Frank is watching television, and he finds himself inspired by a Christian Super Hero called The Holy Avenger (Nathan Fillion). Called to by God to start bringing Evil to Justice, and hopefully saving Sarah from the evil influences of drugs and alcohol. Frank starts researching to create his own superhero. He goes to the obvious place one would research such a thing, the local comic book store, where he connects with Libby (Ellen Paige). His creation, the Crimson Bolt, lacking super powers, he takes up a heavy wrench, and starts telling crime to “Shut up,” usually by violently splitting their heads open with the wrench.
‘Super’ is extremely violent. Gunn doesn’t hold back on some of the brutal violence the Crimson Bolt commits. Of course, its all done with an air of comedy, but it doesn’t change the fact that there are definitely some intense scenes in the film. Frank is essentially Travis Bickle in a mask, where, he believes what he is doing is for the greater good.

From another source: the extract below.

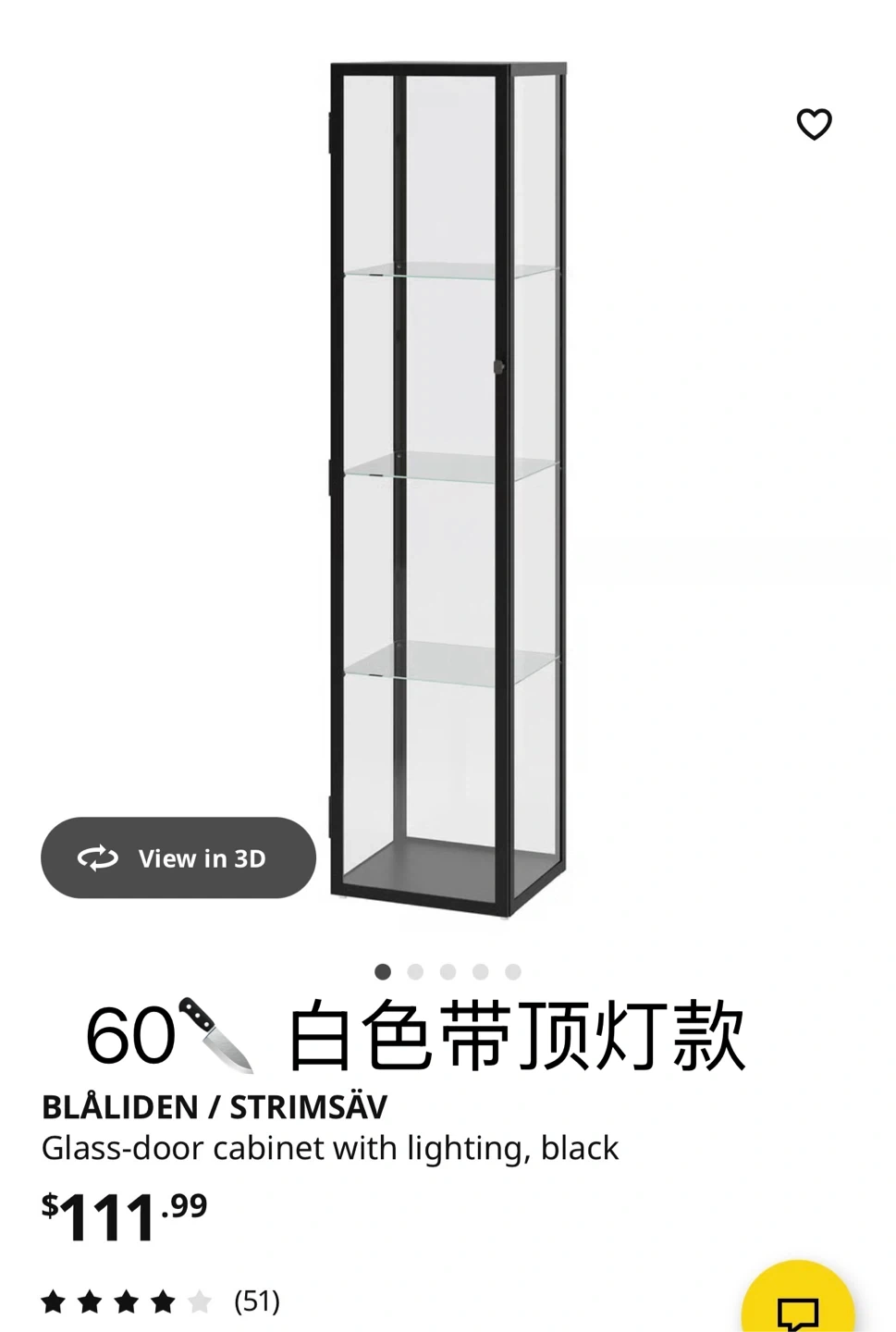 Buy & SellIKEA BLÅLIDEN / STRIMSÄV Glass-door cabinet with lighting, blackIKEA BLÅLIDEN / STRIMSÄV Glass-door cabinet with lighting, black$60This is the BLÅLIDEN / STRIMSÄV glass-door cabinet with lighting. It's black and has multiple glass shelves. Perfect for displaying your collectibles!WHERE TO MEETCheck LocationView MapSELLERverifiedSherryDowntown Toronto19213 reviews0 chats·0 favorites·10 viewsSEND CHAT TO SELLERHi Sherry! I’m interested in your listing.Hi Sherry! I’m interested in your listing.Get the Karrot app to chatSign In to chat
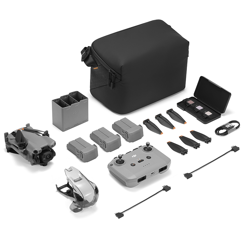 | Dołączone akcesoria | Aparatura sterująca DJI RC-N3, Kabel do aparatury sterującej z serii RC-N ze złączem USB-C, Kabel ze złączem Lightning, 3x Akumulator, 3x (para) Zapasowe śmigła, Hub do ładowania, Kabel USB-C do USB-C, Zestaw filtrów ND (ND8/32/128) |

The only similarity the film has with ‘Kick-Ass,’ is that they are both films about superheros that are ordinary people. That is where the comparison ends. This film is about a sociopath who is trying to save the woman he loves. Rainn Wilson is excellent as Frank. Unfortunately, he is going to be compared to his television character for quite a long time, but he does a great job embodying the character. It would have been very easy for an actor to take the character over the top, but there is a degree of believability at play, owed most likely to Gunn’s and Wilson’s excellent collaboration. At the Q&A with James Gunn following the screening, he points out that it took him a long time to find an actor to play Frank, which was one of the main reasons the film lay unproduced. But once he met with Rainn Wilson, he knew he’d found his lead.
Ellen Paige also plays a great sidekick, often times Paige is given roles with dialogue that irritates the hell out of me (READ: Juno, Inception), but she was perfect here. Kevin Bacon’s villain I found a bit non-traditional, he was definitely not a good guy, but he wasn’t particularly evil until much later.
What I enjoyed most about ‘Super,’ was James Gunn’s interest in really messing with his audience. The film takes some significant risks of losing the audiences. Things occur to characters that you wouldn’t ordinarily see in other films, and I commend the film for this.
The music was great, and the film was shot well. Despite being an independent, I didn’t feel like the effects felt low budget whatsoever – oftentimes this is the weakest point in films like this – and there were some interesting visual effects (I’ll hold back the spoilers).
All in all, ‘Super’ is certainly not a film for everyone, it is violent, dark, and darkly funny. But the recognizable cast will hopefully fill the seats, and those folks that this film is for, will definitely be in for a treat.